Thanks for the win, LeadHead
, and of course for stepping in with this contest to keep it a going concern!
I'd be willing to take a shot at running the contest. I don't have my heart set on it or anything, so if someone else wants to step in by all accounts please do.
I figure on PMing Skywalker about it in a week or so if I don't hear from anyone else interested.
Phlox: What? I have three wives, all with needs, and I'm not getting any younger.
Trip: You're sure we'll be able to see into T'Pol's shower?
Reed: Absolutely. One day, we'll invent an interactive computer program that will make all this spying unnecessary. Holograms maybe?
Trip: Ugh... it won't be me inventing it. Last time I was in a holographic simulation I ended up pregnant.
Reed: Sounds like a good program.
Hoshi: Xenolinguistics. You have no idea what that means.
Archer: The study of alien languages, morphology, phonology, syntax. It means you've got a talented tongue.

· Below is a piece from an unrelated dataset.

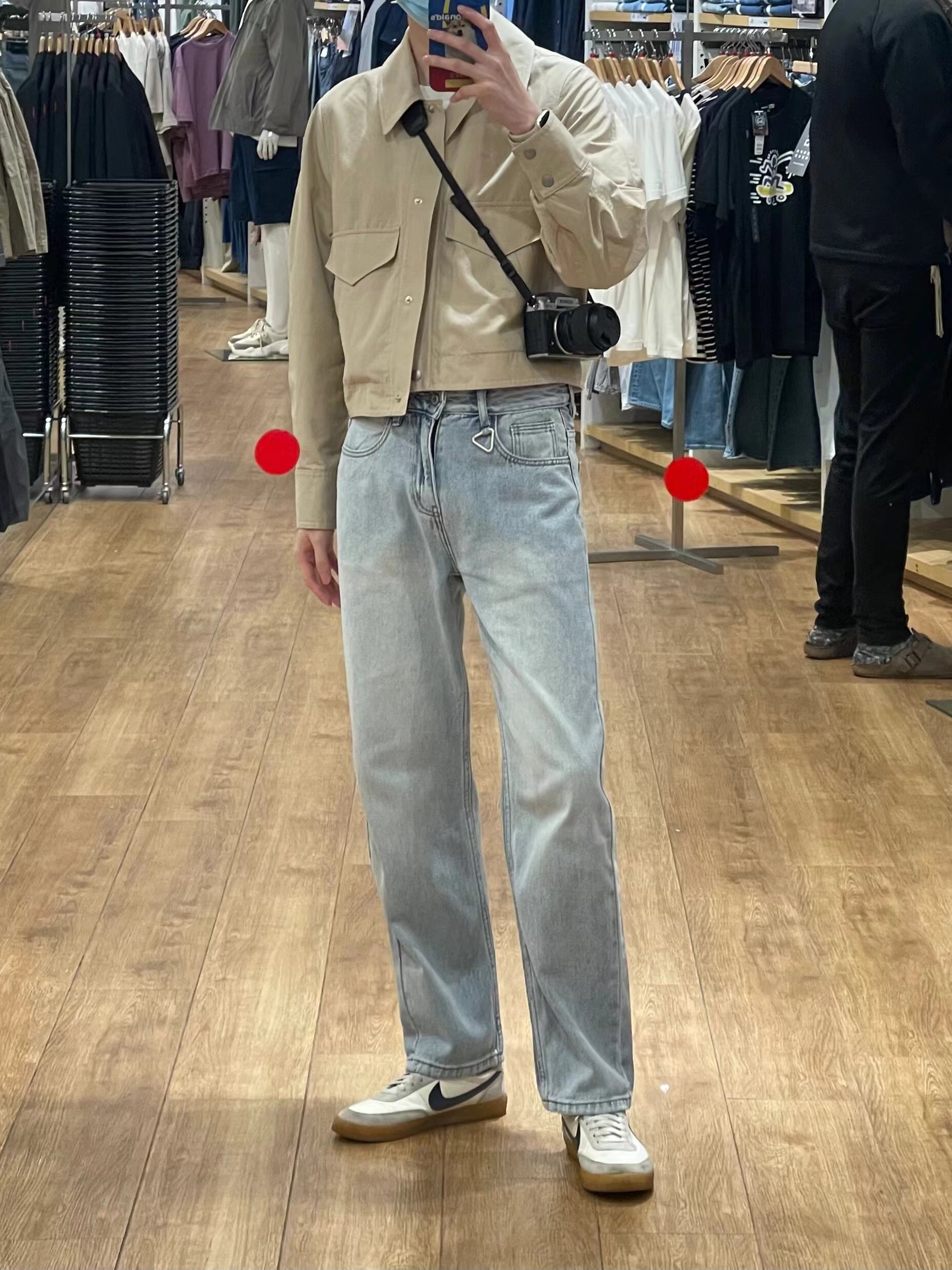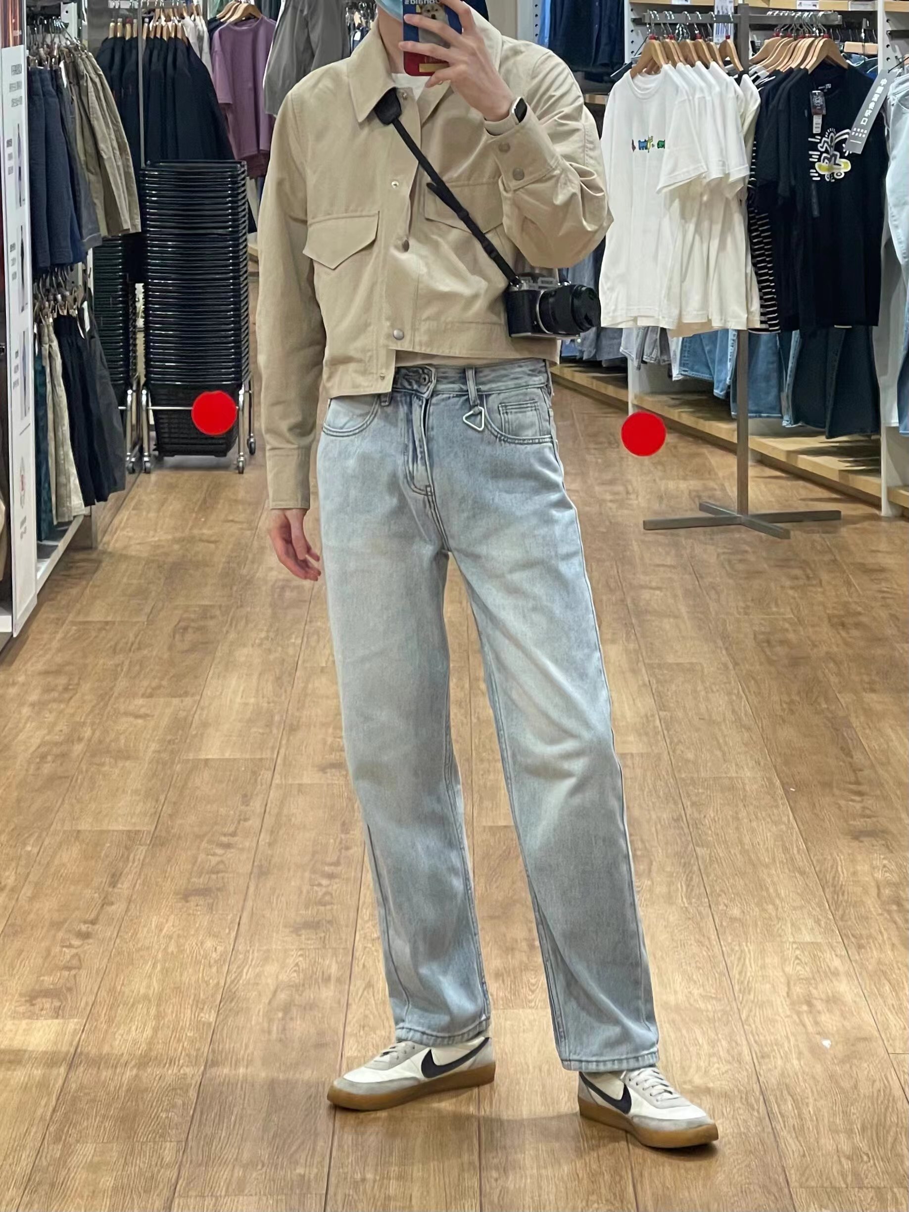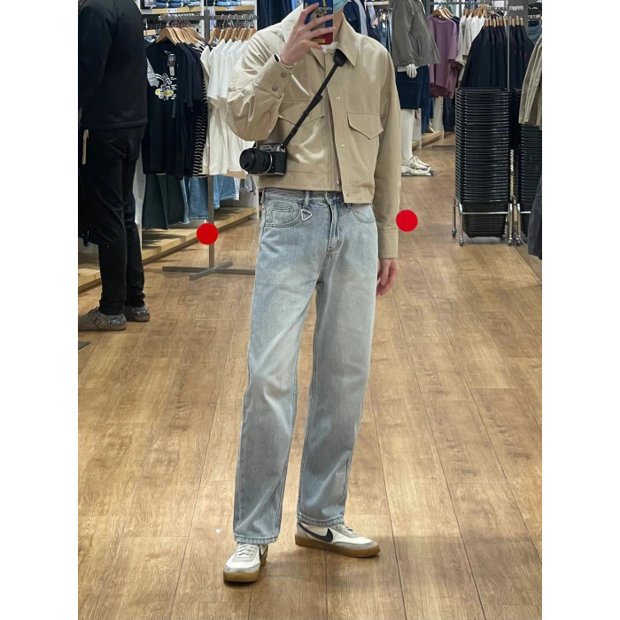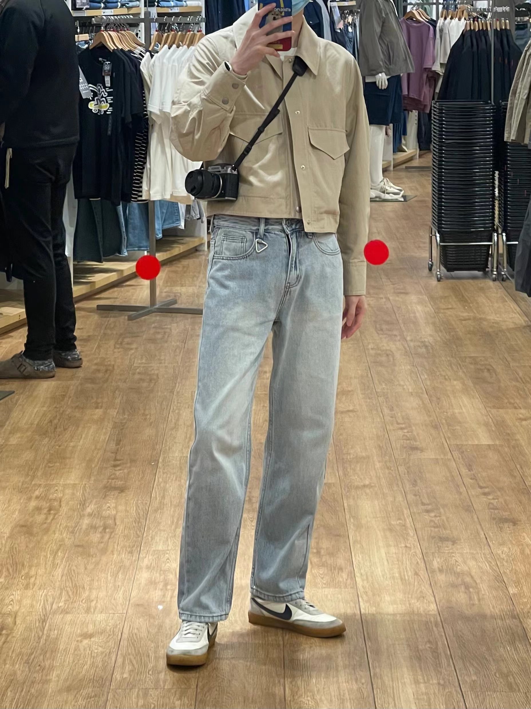 日系百搭簡約修身水洗泛白牛仔褲男潮流穿搭高級感設計直筒長褲子

Hoshi: I'm impressed. For a moment there, I thought you were just a dumb hick who only has sex with farm animals.
Archer: Well, not only.
Archer: -giggles- I'll just edit in all these blocky 20th century knobs and levers on all these futuristic designs Daniels left here. Let's see... Constitution class...
Phlox: I'll require DNA samples gentleman.
Phlox: I will find out who keeps peeing on my ficus in Sickbay.
Trip: I'll be below deck in engineering securing the ah... something.